## SOURCE RECORDS
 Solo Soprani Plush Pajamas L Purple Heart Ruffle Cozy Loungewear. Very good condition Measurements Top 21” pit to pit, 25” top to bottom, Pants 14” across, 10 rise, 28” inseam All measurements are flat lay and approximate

---

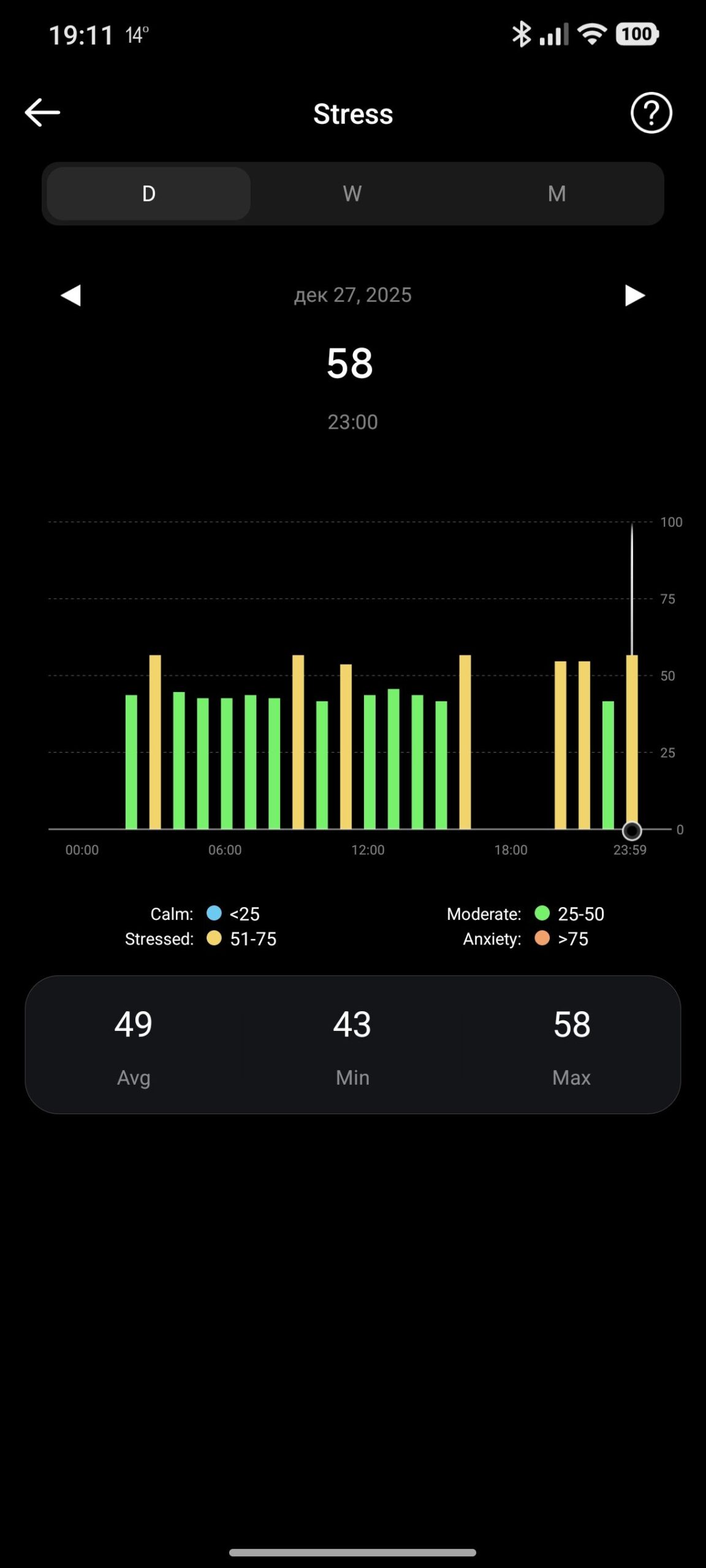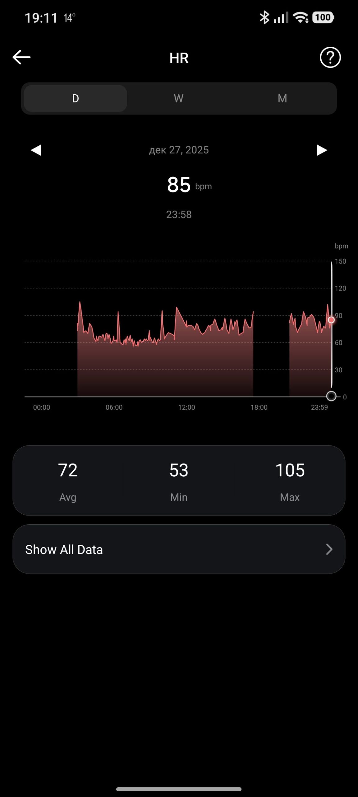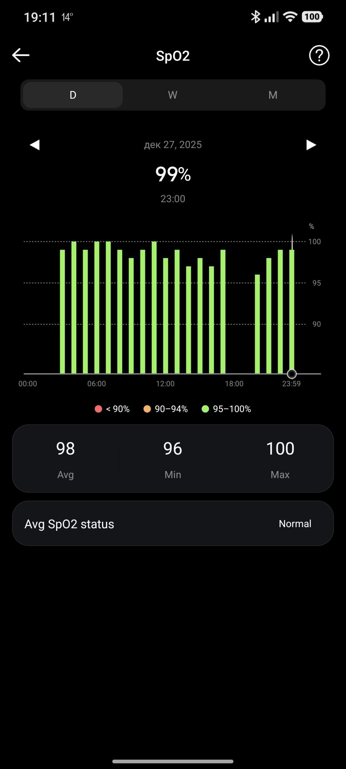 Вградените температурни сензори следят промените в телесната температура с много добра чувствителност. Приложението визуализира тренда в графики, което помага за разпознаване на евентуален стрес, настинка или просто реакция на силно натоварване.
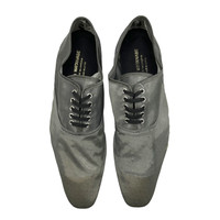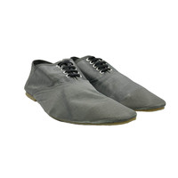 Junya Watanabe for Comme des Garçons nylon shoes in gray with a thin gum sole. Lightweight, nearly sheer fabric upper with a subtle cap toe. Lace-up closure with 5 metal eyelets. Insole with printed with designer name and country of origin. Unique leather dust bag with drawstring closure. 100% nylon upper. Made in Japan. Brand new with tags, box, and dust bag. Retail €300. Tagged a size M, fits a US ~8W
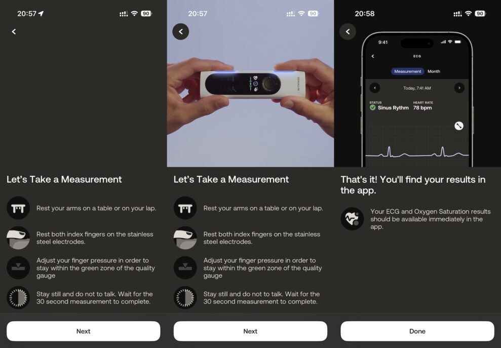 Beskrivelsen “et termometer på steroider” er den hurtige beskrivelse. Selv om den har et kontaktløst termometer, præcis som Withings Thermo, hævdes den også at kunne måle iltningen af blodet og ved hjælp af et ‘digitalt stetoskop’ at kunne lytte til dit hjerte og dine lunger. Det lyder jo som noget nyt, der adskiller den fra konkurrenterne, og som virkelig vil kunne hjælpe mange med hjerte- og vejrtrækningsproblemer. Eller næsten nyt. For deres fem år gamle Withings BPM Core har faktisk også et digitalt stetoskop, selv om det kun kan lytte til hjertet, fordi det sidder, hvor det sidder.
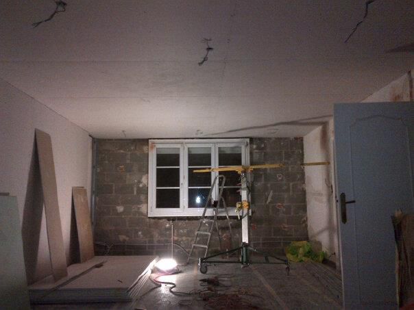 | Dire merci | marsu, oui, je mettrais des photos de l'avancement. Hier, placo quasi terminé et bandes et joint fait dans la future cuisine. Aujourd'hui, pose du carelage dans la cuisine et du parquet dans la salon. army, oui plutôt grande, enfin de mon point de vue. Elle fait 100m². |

...

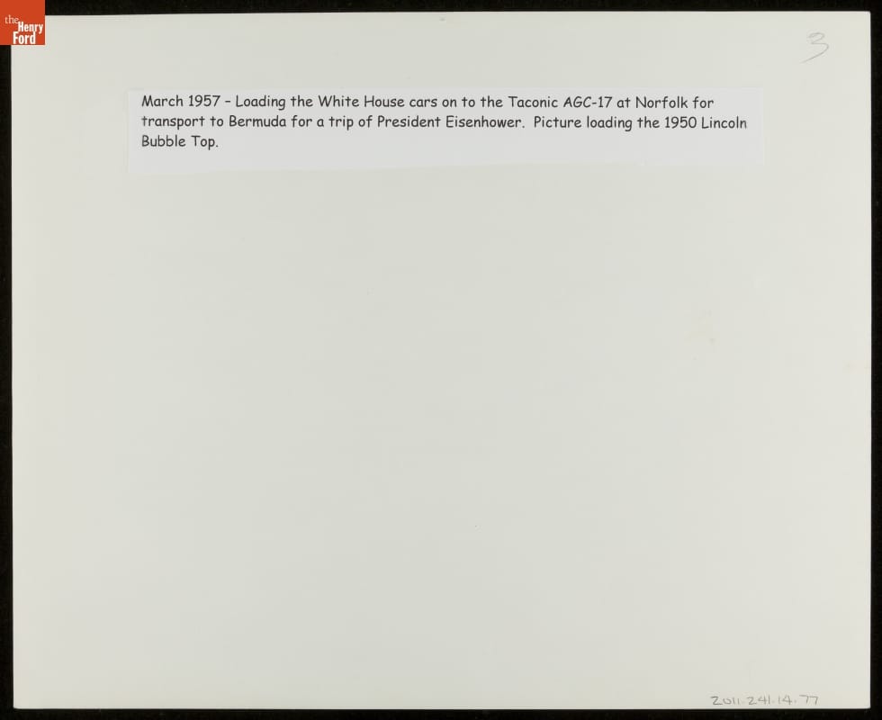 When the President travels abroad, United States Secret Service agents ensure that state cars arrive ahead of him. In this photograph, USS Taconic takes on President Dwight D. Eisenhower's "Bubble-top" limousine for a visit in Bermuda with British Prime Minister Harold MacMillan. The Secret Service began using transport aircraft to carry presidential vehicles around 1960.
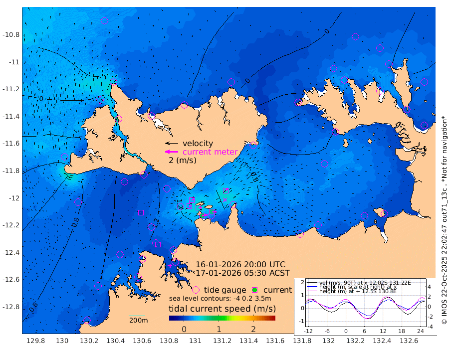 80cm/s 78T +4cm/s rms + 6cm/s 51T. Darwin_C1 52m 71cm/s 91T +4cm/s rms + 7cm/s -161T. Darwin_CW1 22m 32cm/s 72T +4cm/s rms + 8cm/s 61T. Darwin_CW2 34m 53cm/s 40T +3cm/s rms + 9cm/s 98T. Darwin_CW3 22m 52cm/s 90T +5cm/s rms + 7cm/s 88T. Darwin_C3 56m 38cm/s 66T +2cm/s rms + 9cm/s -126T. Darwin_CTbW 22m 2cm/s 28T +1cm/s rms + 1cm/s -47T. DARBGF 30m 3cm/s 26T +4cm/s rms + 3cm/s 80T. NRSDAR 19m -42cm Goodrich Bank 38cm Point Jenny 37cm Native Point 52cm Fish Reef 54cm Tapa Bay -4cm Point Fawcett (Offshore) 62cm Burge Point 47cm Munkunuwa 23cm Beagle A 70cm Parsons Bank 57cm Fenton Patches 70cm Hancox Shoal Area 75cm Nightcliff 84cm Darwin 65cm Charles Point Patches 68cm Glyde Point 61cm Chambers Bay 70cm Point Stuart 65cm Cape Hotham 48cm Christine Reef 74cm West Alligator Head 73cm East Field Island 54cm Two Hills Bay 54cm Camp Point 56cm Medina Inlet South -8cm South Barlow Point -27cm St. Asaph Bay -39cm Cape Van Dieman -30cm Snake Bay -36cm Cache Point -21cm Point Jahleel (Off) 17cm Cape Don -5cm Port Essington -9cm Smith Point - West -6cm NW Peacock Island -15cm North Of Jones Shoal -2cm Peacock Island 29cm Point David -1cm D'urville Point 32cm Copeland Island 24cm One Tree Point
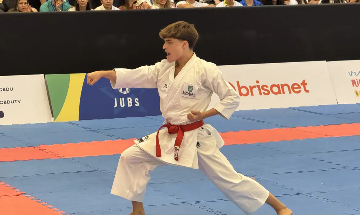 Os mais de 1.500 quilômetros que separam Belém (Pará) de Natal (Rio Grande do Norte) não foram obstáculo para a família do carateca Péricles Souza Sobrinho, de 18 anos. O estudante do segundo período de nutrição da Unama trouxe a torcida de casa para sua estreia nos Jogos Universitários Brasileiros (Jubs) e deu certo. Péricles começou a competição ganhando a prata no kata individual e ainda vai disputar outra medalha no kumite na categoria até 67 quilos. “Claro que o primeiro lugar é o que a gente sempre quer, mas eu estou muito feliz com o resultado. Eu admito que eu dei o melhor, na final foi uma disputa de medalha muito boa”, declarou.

## YOUR ASSIGNMENT
Starting at the line above that has "hvor det sidder." and ending at the line that has "fait 100m². |", copy each line exactly, leaving the pictures out and adding nothing.

## RESULT OF THIS TASK
 Beskrivelsen “et termometer på steroider” er den hurtige beskrivelse. Selv om den har et kontaktløst termometer, præcis som Withings Thermo, hævdes den også at kunne måle iltningen af blodet og ved hjælp af et ‘digitalt stetoskop’ at kunne lytte til dit hjerte og dine lunger. Det lyder jo som noget nyt, der adskiller den fra konkurrenterne, og som virkelig vil kunne hjælpe mange med hjerte- og vejrtrækningsproblemer. Eller næsten nyt. For deres fem år gamle Withings BPM Core har faktisk også et digitalt stetoskop, selv om det kun kan lytte til hjertet, fordi det sidder, hvor det sidder.
 | Dire merci | marsu, oui, je mettrais des photos de l'avancement. Hier, placo quasi terminé et bandes et joint fait dans la future cuisine. Aujourd'hui, pose du carelage dans la cuisine et du parquet dans la salon. army, oui plutôt grande, enfin de mon point de vue. Elle fait 100m². |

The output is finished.